More Resources Must Mean Better Outcomes – Right? Or How Variation Can Catch You Out! Part I



This is a two-part blog around variation and the way it can catch people out when attempting cost-cutting exercises or providing additional resources and looking for evidence of benefit. 

In Part I, we’ll look at cost-cutting, as this seems to have been a popular approach, particularly in the Public Sector, to providing “better-value” for Customers and the Public. It is much easier to tell an organisation, or a team, to reduce their budget by 15%, and keep the same level of service, and if service levels drop, then popular argument dictates, “the cuts were too deep” It is much more difficult to provide additional resources and look for hard evidence of an increase in service levels (What size of increase? Any specific parts of the service?). This second approach will be discussed in Part II. 

And some of the points made in Part I will be good background to understanding and getting to grips with Part II. 

Our observations during our travels can be characterised as, “Why, when we have reduced operational costs by only 15% (substitute your own %s), have we seen such a dramatic deterioration in service levels?”  

The answer in many cases is simple to say – “Variation” – but is a much more difficult point to visualise. 

We have developed a simple (compared to the real-world) but sophisticated (in that it can model some complex flows of work) simulation of a generic 4-Stage Business Process to help get understanding across. It’s been developed for educational purposes, and is not a commercially available product. We’ll use some of its output here to hopefully illustrate the point being made. 
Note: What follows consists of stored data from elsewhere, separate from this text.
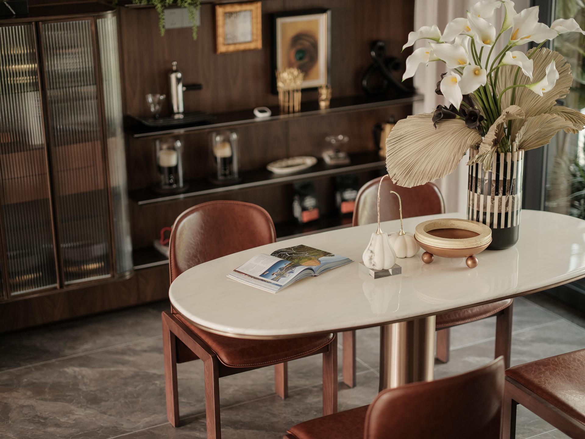 In this space where classical and modern elements converge, balancing trends with timelessness, an understated yet luxurious aesthetic quietly unfolds. A home is not merely a sanctuary for the body and soul but also an exquisite expression of life’s rituals. Here, art is redefined—it becomes a measure of living and a sensory feast that immerses both mind and body. Centered on the philosophy of lifestyle aesthetics, the designer transforms the space into a spiritual “treasury of objects,” where the delicate textures of art coexist with the warmth of everyday life.
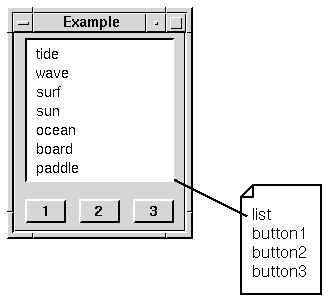 In the example above, there are four widgets which could be made globally accessible: a list and three buttons. After calling VxSetVar, each widget will have a unique handle stored in a variable (for example, the variables could be named list, button1, button2, and button3).
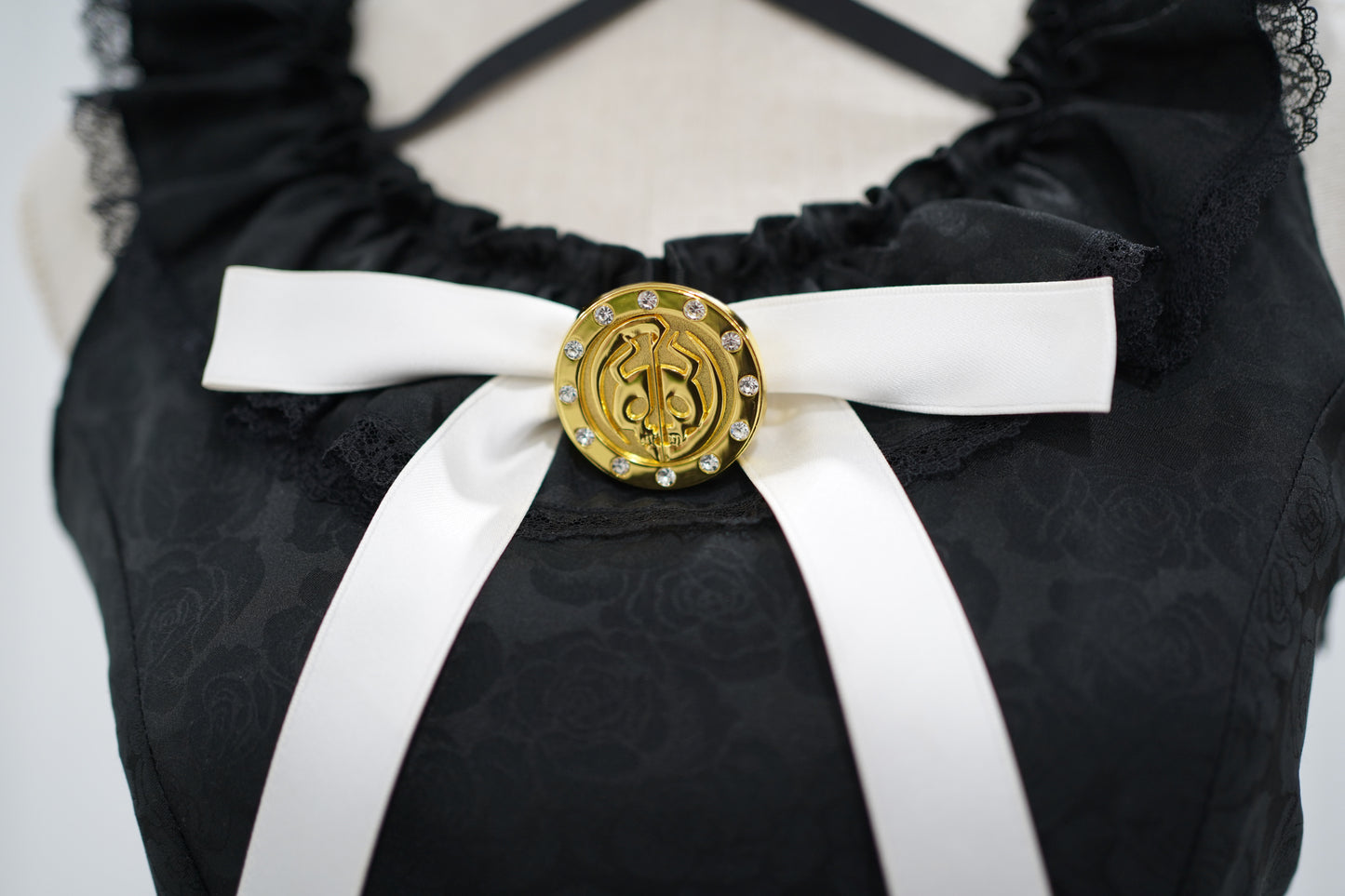 死に神ちゃんの胸元のリボンにピンバッジをプラス!

We’ll just try to capture the essence of just some of the words and phrases that have been used to describe the world we live and operate in: 

You’ve probably heard other descriptions which boil down to the same thing. The critical feature is that “Cause & Effect”, “If – Then – Else”, “I do this and expect that” and the like do not work (or work only over very short periods of time) in this environment. And the biggest contributor to this is the hidden Variation – and it’s hidden because many organisations with all the BI tools in the world do not know how to visualise it! 

Now we blogged about the most appropriate well-proven method for visualising Variation over time – using extended-SPC (and not manufacturing-style SPC), see for example 

But, in order to really understand Variation, sometimes it requires that we see it represented in a different way. So let’s turn to the simulation. 

Background to Simulator 

The model represents a generic 4-Stage Business Process (see diagram below). It could be any one or more of Incident Handling in Emergency Services, IT Help Desk, patients passing through a hospital system, new order processing, etc. It is designed to demonstrate many facets of such a System in real life, so for brevity, only a partial description will be provided here. 

In brief demand enters at the left travelling right through the stages or branches into outcomes or cancelations. There are a number of boxes with figures in them representing values that are subject to Variation. We’ll look at a sample simulation run captured in the diagram below. 

It also makes visible “hidden” Work In Progress (WIP, and, to avoid clutter, is not shown above), that builds up due to Variation, which drives extended Throughout Times.  

The simulation can be set up with a number of “Initial Conditions” – one of which is a Stage by Stage Completion Time Target. We used 10 minutes in the example above. Each Stage Success Rate is the % Jobs completed within Target, and, by multiplying these together for each of the 4 stages, this generates an Overall Success Rate. The simulator also tracks, amongst other parameters, Resource Utilisation (not shown). 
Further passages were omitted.